• **INSTRUCTIONS TO FOLLOW**
Scan the records below for the line with "持续两三小时的喧闹,让附近部" and the line with "在播放了一段简介悟空微电影及", and retype that range exactly, both ends included, pictures excepted.

• **THE DATA**
Segment Open
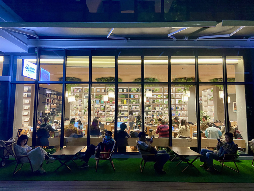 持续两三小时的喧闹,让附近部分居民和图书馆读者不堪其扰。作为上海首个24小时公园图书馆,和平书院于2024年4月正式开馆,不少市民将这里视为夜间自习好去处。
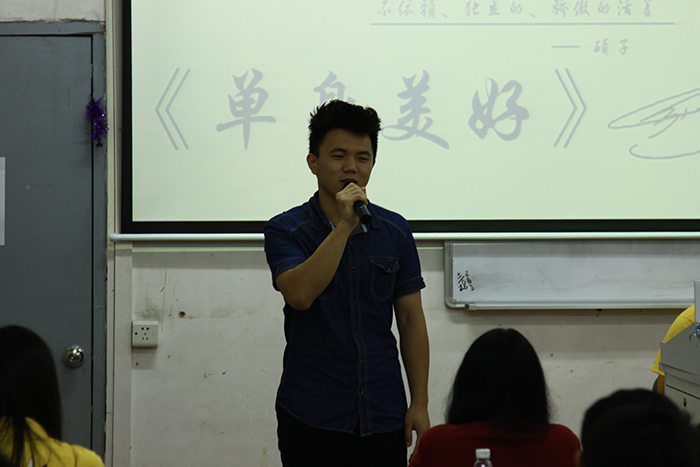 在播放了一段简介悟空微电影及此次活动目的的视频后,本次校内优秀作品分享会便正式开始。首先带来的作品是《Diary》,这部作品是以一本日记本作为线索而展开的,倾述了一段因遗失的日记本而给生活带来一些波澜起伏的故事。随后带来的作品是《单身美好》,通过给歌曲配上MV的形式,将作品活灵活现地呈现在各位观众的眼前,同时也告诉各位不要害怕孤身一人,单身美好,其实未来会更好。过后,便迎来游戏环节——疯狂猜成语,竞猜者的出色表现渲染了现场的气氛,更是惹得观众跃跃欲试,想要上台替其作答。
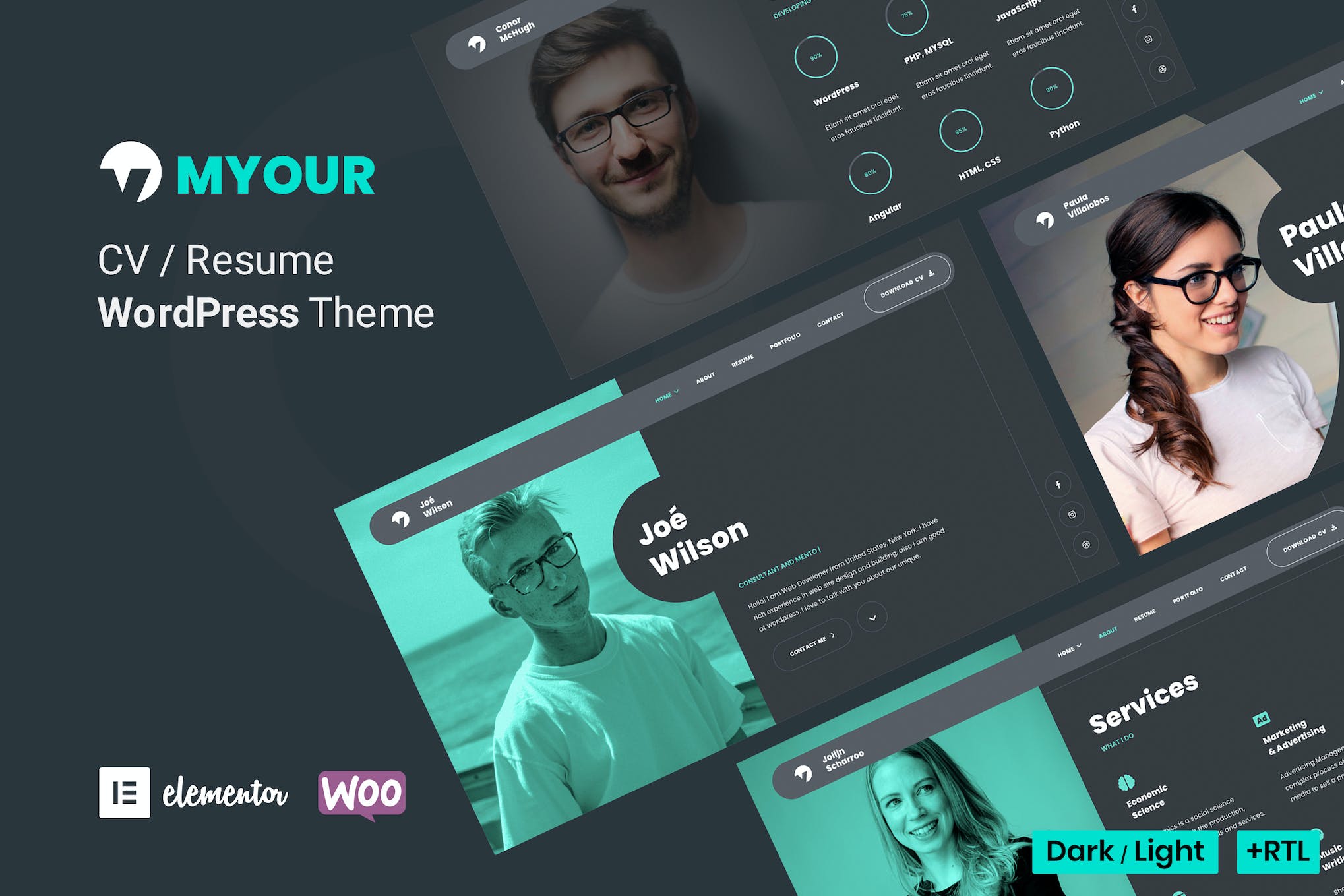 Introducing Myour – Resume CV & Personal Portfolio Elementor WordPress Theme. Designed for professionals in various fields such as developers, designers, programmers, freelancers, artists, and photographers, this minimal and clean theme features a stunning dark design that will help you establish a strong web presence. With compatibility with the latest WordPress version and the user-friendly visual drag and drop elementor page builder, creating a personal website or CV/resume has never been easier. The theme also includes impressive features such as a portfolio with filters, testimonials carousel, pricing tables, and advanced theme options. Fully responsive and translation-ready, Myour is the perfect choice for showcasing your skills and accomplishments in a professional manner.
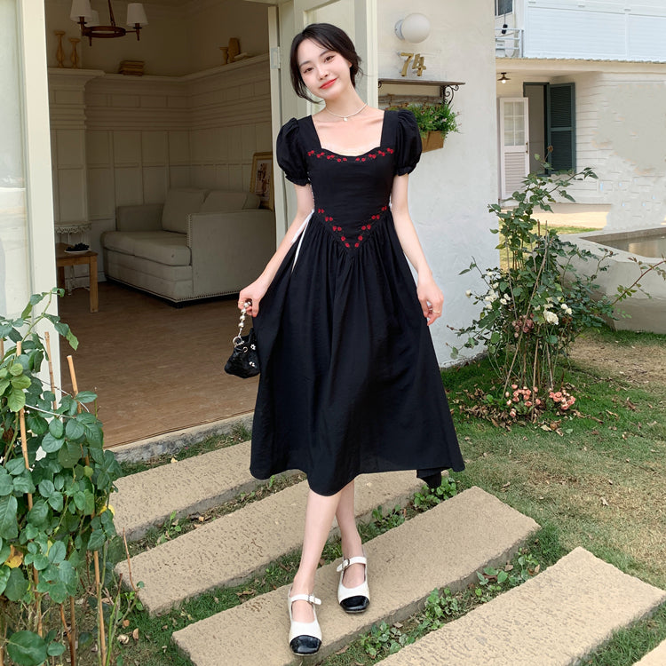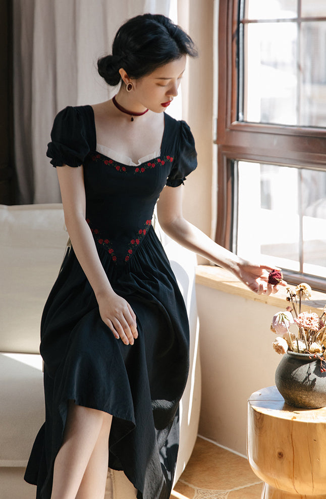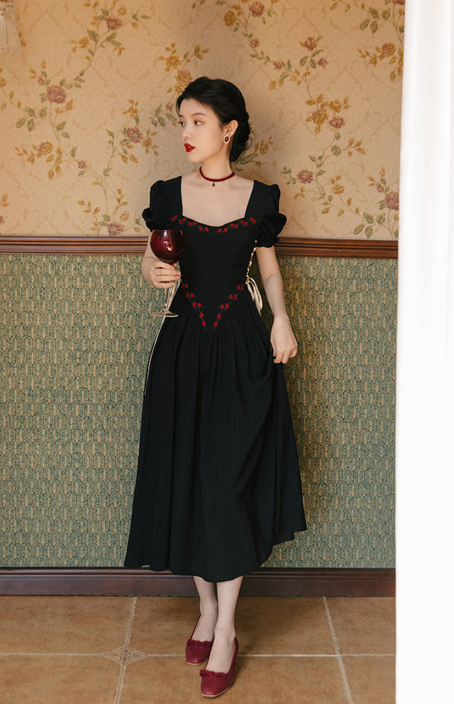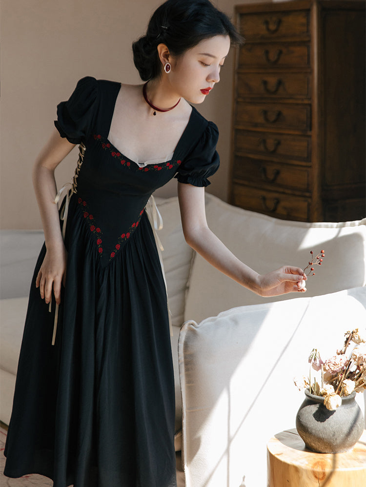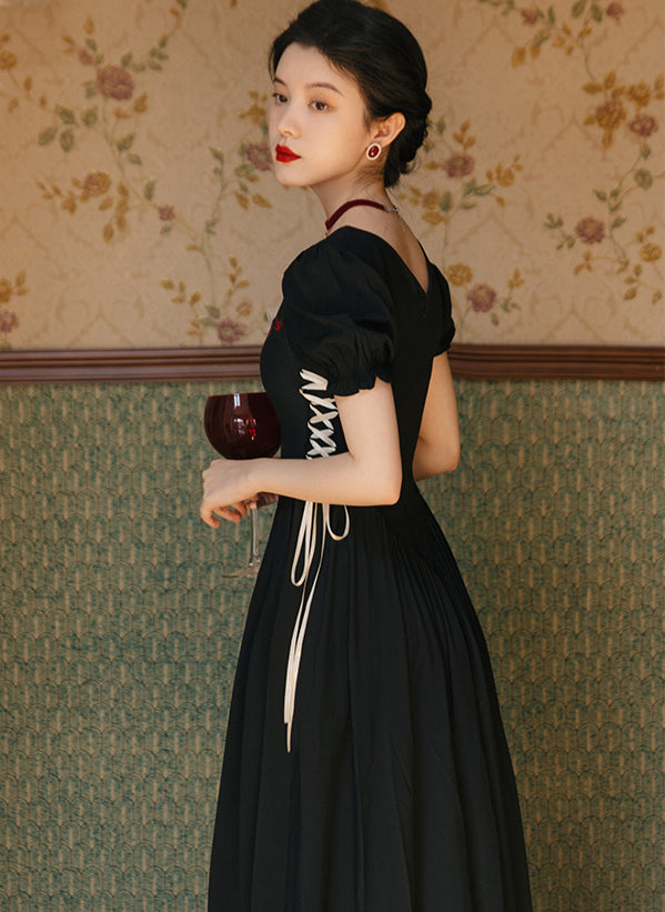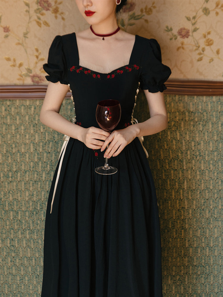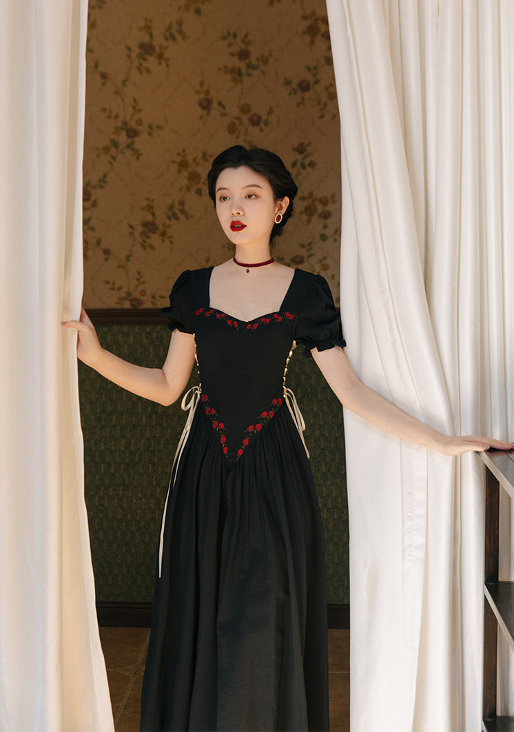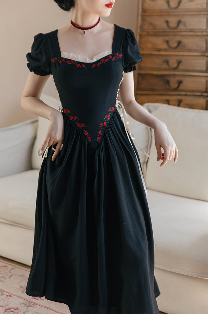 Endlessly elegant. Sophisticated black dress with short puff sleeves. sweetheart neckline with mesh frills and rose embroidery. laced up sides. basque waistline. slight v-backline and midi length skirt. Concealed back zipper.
Segment Closed
Segment Open
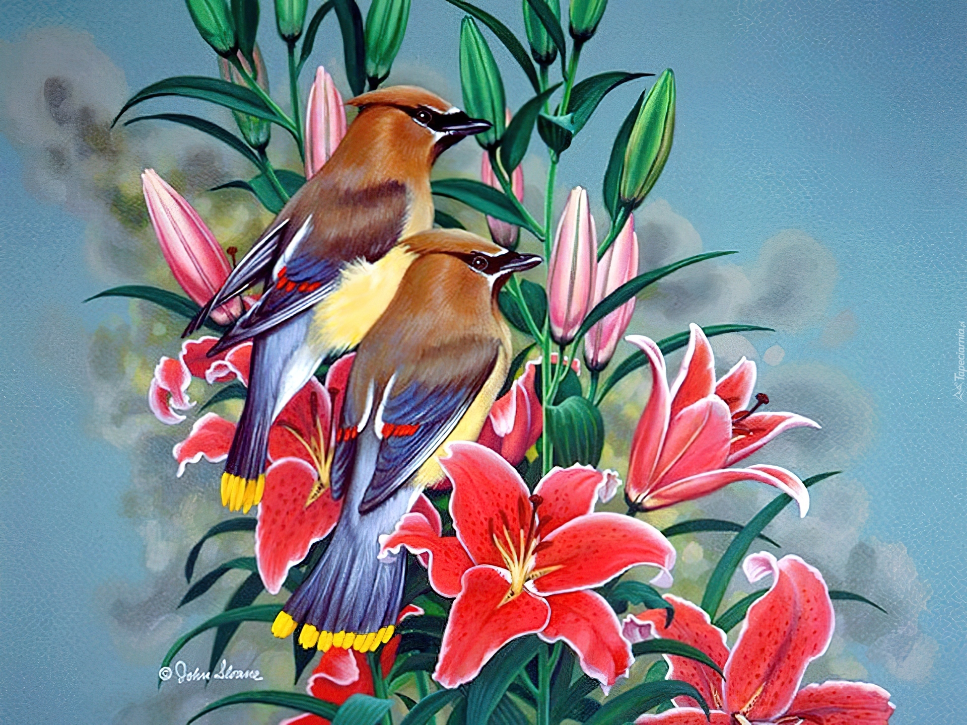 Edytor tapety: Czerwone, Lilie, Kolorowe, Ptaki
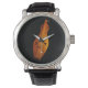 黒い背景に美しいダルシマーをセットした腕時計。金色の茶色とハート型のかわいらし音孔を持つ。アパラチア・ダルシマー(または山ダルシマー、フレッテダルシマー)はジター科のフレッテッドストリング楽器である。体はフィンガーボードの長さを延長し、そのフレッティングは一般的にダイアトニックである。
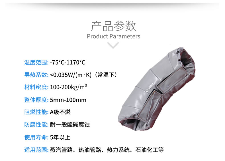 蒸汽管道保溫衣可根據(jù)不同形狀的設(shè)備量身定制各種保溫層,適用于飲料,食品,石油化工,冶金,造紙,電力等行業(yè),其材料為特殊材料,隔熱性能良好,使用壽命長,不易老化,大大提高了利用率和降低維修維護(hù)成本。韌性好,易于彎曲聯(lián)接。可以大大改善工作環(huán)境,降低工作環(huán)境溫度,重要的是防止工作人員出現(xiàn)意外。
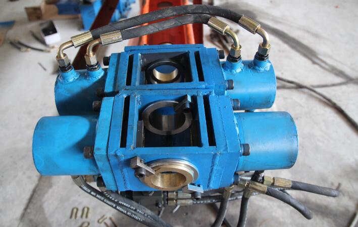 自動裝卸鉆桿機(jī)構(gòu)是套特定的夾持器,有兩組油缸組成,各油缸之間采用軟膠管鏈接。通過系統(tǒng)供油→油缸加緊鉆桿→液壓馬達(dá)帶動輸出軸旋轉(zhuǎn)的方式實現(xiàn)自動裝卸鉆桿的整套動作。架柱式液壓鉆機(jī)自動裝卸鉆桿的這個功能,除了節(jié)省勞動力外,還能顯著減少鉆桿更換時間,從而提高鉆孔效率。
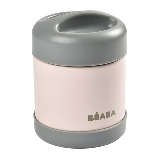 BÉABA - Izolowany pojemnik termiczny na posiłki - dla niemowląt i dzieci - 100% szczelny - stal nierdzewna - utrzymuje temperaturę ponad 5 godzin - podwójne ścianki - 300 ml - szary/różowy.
Segment Closed
Segment Open
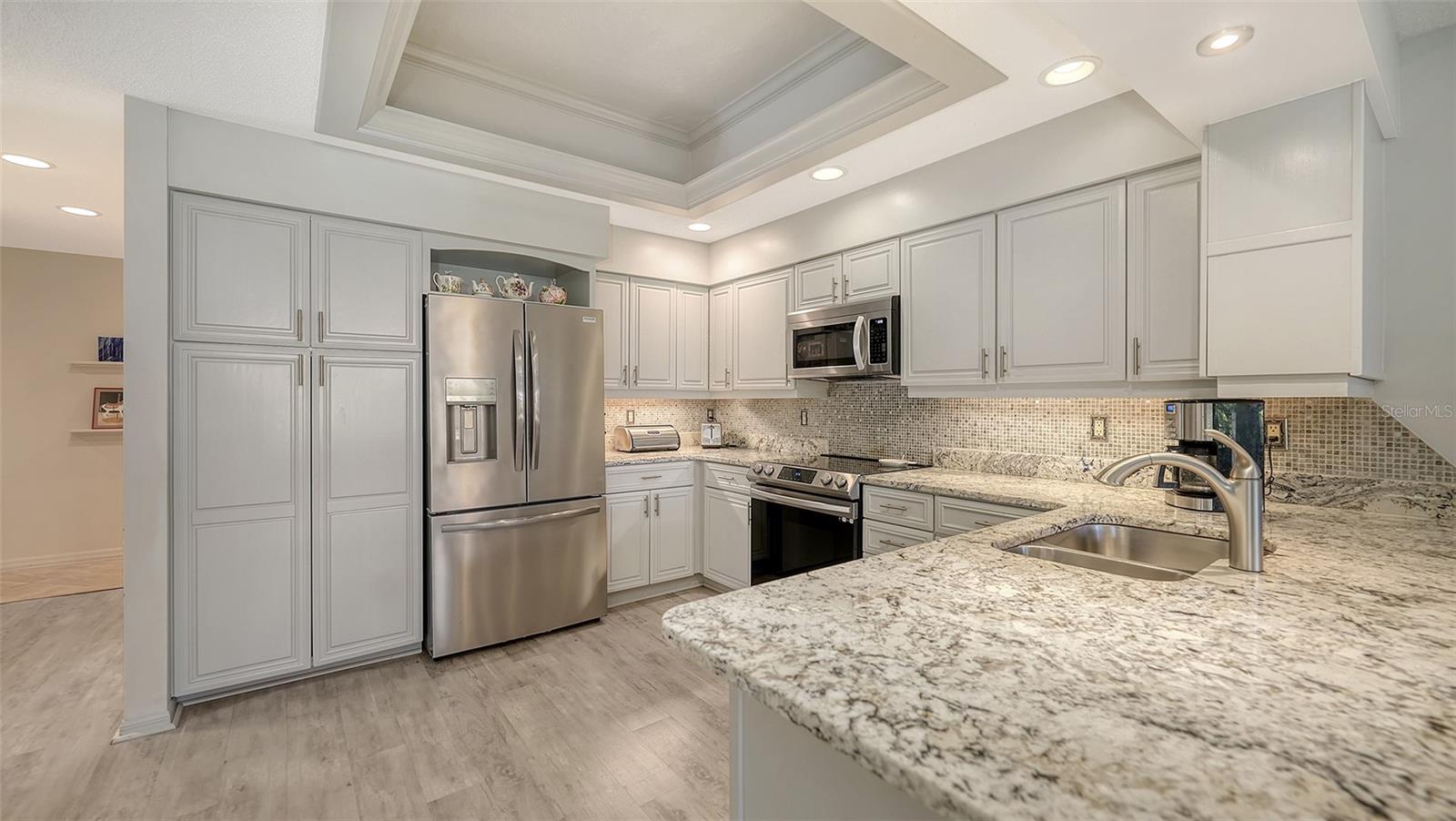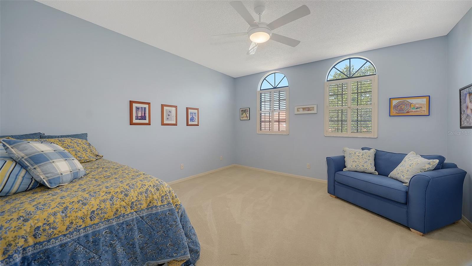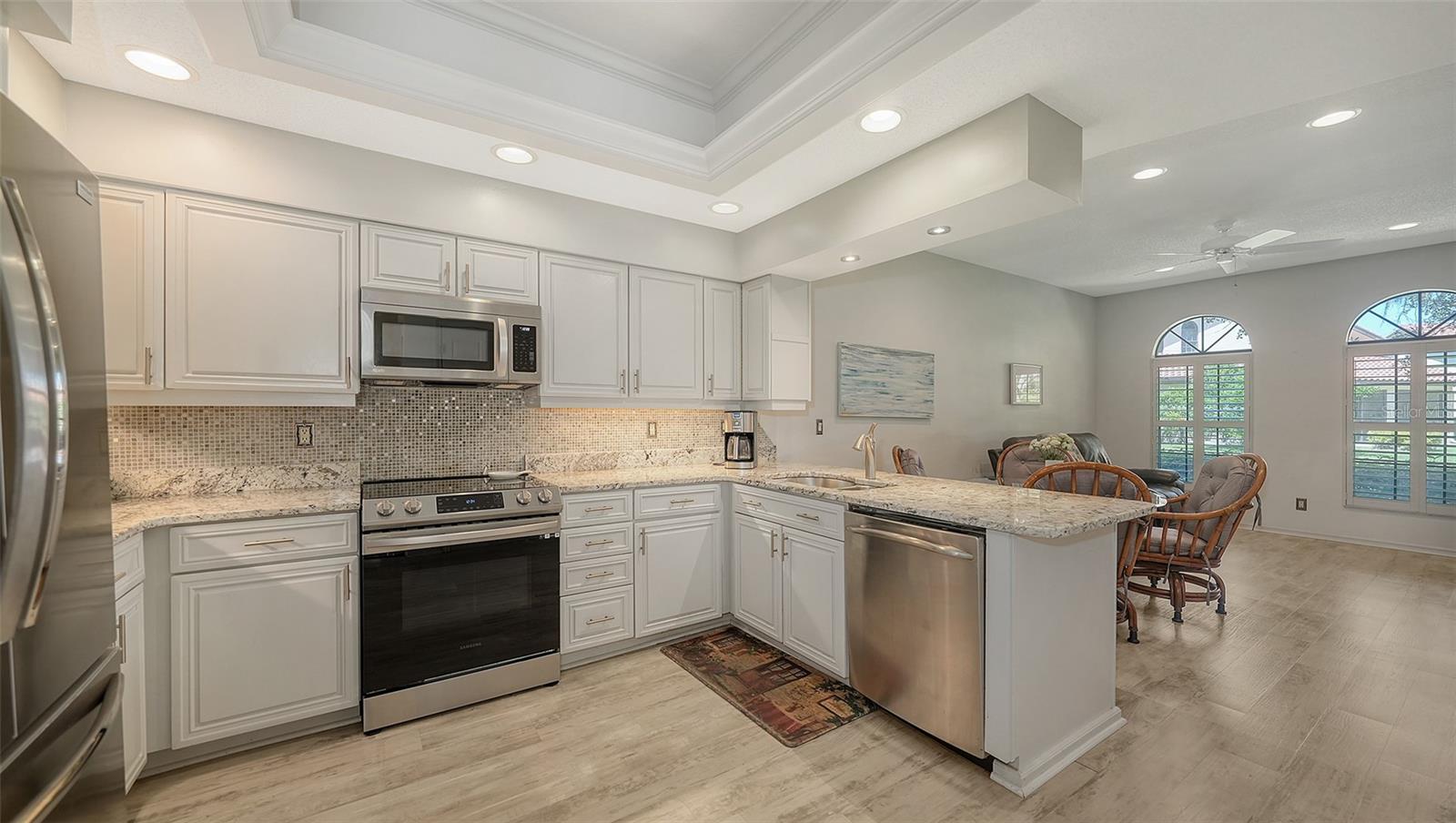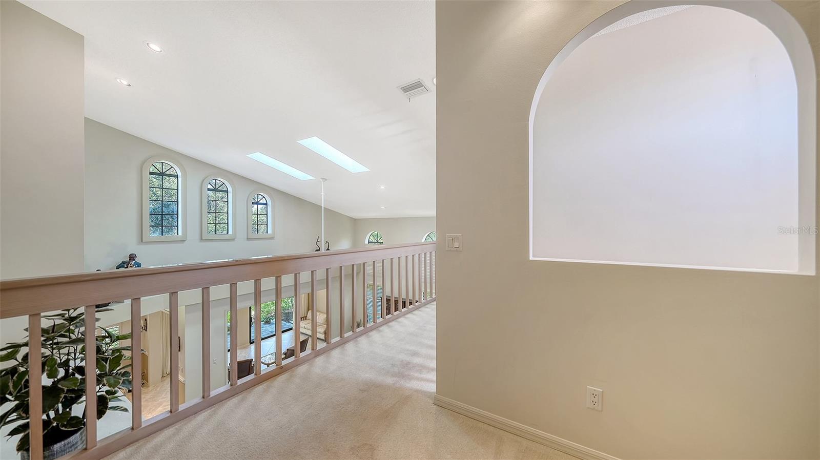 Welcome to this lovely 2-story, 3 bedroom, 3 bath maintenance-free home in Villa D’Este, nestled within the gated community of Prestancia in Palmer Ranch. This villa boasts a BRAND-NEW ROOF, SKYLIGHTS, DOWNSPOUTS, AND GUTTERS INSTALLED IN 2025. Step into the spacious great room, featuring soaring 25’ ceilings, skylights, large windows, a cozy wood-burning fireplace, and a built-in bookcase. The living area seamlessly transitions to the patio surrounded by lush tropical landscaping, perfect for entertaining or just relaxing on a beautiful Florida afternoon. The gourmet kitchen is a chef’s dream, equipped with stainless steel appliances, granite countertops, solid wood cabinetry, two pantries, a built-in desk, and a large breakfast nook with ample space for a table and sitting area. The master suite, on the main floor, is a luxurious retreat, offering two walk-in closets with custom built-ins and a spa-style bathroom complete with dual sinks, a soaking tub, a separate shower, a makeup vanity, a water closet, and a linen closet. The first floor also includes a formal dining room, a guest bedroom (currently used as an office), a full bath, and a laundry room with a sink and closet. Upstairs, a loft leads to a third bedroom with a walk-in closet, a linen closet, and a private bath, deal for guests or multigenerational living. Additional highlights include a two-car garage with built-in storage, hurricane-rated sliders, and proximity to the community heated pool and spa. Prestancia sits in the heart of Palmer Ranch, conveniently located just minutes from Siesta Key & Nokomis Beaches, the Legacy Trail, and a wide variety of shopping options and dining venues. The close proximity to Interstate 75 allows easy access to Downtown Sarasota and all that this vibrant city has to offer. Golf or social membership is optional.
Segment Closed
• **SOLUTION TO THIS TASK**
 持续两三小时的喧闹,让附近部分居民和图书馆读者不堪其扰。作为上海首个24小时公园图书馆,和平书院于2024年4月正式开馆,不少市民将这里视为夜间自习好去处。
 在播放了一段简介悟空微电影及此次活动目的的视频后,本次校内优秀作品分享会便正式开始。首先带来的作品是《Diary》,这部作品是以一本日记本作为线索而展开的,倾述了一段因遗失的日记本而给生活带来一些波澜起伏的故事。随后带来的作品是《单身美好》,通过给歌曲配上MV的形式,将作品活灵活现地呈现在各位观众的眼前,同时也告诉各位不要害怕孤身一人,单身美好,其实未来会更好。过后,便迎来游戏环节——疯狂猜成语,竞猜者的出色表现渲染了现场的气氛,更是惹得观众跃跃欲试,想要上台替其作答。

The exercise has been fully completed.